Population genetics is not only a mere tool in determining the evolutionary aspect of an organism, nevertheless, also as a tool that implicates macrozoobenthic invertebrate population at the risk of over-exploitation, extinction, declining in number, and sustainable in status. These implications make the population genetically useful that unravel mysterious propound doubts beneath the vast seas and oceans. Macroozoobenthos species such as snails, clams, mussels, lobsters, crabs, shrimps, abalones, oysters, and corals are meroplankton that once in their life cycle they spent as plankton. They float in the water column and have transported hundreds to thousands of nautical miles depending on the water current before settling down and resume benthic mode of life. Their creeping and sedentary lifestyles are prone to easy collecting and gleaning, resulting in over-exploitation and over-harvesting in different regions. Thus, this review aims to consolidate several findings on the population genetic structure of macrozoobenthic species, which has implications for coastal resource management.
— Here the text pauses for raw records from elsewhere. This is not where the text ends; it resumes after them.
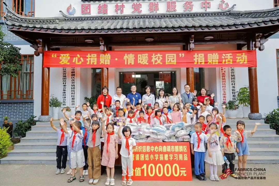 活動當(dāng)天,還舉辦了一場以“愛心捐贈 · 情暖校園”為主題的捐贈儀式。在茨營鎮(zhèn)、盛澤鎮(zhèn)政府領(lǐng)導(dǎo)、紡織產(chǎn)業(yè)鏈企業(yè)家、團結(jié)小學(xué)師生們的現(xiàn)場見證下,中國紡織信息中心向曲靖市麒麟?yún)^(qū)茨營鎮(zhèn)團結(jié)小學(xué)捐贈了價值1萬元的書包、水杯、文具等學(xué)習(xí)用品共計60套。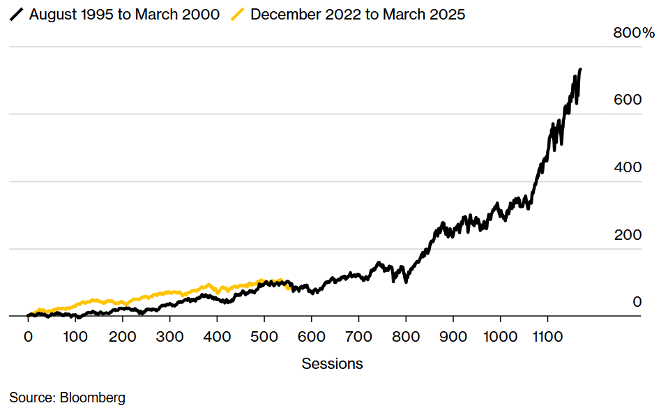 Those echoes are visible in the current market trend. Artificial intelligence (AI) is the new technology this time around.
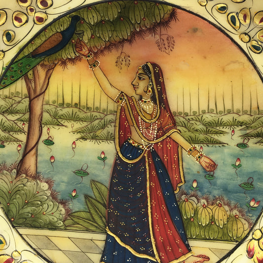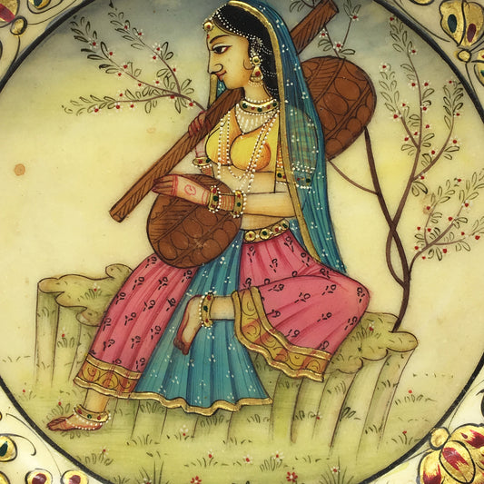 Hand-painted Collectible India Decorative Marble Plate with Wood Stand-Gold Trim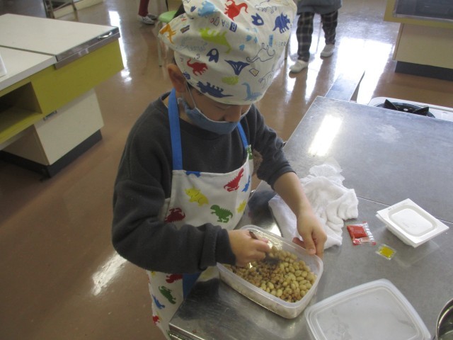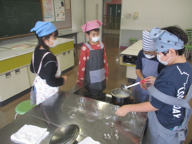 3年生の総合的な学習の時間のテーマは「姿をかえる大豆」です。今日は、自分が関心のあるものを選び、調べた手順で豆腐と納豆をつくりました。大豆が本当に姿をかえることができるのか、結果が楽しみです。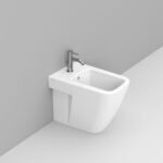 Bidet per appoggio filo parete, con foro centrale per la rubinetteria; fornito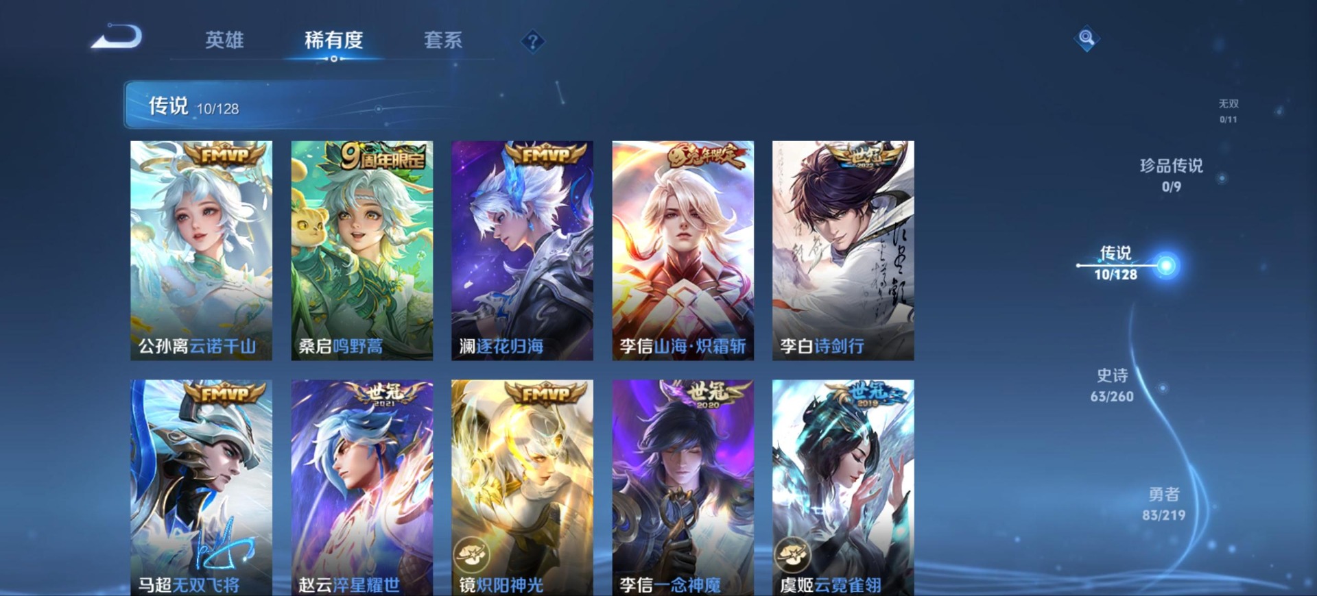 裴擒虎李小龙,上官婉儿梁祝,李白诗剑行,马可波罗山海·玄木吟,桑启鸣野蒿,孙悟空孙行者,马超神威,韩信傲雪梅枪,百里守约朱雀志

Collectively, studies revealed that population genetic structures of macrozoobenthic invertebrates such as fine-scale, mesoscale and panmictic population that has genetic diversity, genetic differences, genetic homogeneity, and low genetic variability governed by the demographic barrier, salinity, water temperature, current, distance, and many others. Thus, population genetics is a vital tool in drafting, formulating, and conceptualizing conservation and protection measures of macrozoobenthic species with regards to coastal resource management.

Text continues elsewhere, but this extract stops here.